Drop the pictures; give again exactly the lines from the one holding "Women'S Wide Leg" through the end of the data.
---------- Given material ----------
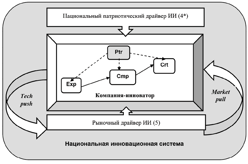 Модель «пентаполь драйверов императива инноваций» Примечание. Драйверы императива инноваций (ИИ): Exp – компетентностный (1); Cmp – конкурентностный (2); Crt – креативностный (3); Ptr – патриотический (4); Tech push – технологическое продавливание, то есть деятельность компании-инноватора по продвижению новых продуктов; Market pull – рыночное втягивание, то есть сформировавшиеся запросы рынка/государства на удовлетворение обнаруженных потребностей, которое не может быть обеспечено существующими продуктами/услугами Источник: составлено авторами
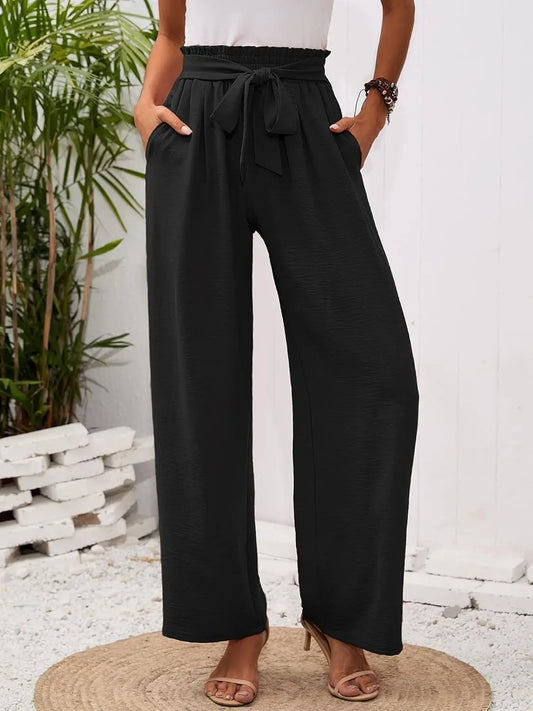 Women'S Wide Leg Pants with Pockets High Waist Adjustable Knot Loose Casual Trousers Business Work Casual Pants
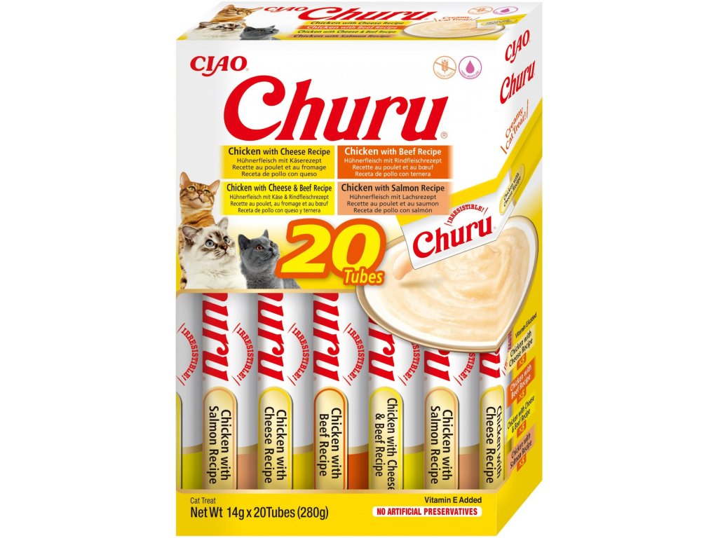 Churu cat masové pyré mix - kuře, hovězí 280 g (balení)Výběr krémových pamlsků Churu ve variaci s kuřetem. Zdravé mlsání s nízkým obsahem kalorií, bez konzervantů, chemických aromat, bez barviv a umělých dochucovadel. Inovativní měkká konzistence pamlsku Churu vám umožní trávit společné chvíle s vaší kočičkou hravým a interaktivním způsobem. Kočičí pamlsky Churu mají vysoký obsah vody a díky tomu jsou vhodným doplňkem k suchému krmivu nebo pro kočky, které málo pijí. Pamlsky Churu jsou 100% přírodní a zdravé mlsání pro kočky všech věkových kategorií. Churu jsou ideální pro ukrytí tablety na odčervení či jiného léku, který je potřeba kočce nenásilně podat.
----------
● **Response**:
 Women'S Wide Leg Pants with Pockets High Waist Adjustable Knot Loose Casual Trousers Business Work Casual Pants
 Churu cat masové pyré mix - kuře, hovězí 280 g (balení)Výběr krémových pamlsků Churu ve variaci s kuřetem. Zdravé mlsání s nízkým obsahem kalorií, bez konzervantů, chemických aromat, bez barviv a umělých dochucovadel. Inovativní měkká konzistence pamlsku Churu vám umožní trávit společné chvíle s vaší kočičkou hravým a interaktivním způsobem. Kočičí pamlsky Churu mají vysoký obsah vody a díky tomu jsou vhodným doplňkem k suchému krmivu nebo pro kočky, které málo pijí. Pamlsky Churu jsou 100% přírodní a zdravé mlsání pro kočky všech věkových kategorií. Churu jsou ideální pro ukrytí tablety na odčervení či jiného léku, který je potřeba kočce nenásilně podat.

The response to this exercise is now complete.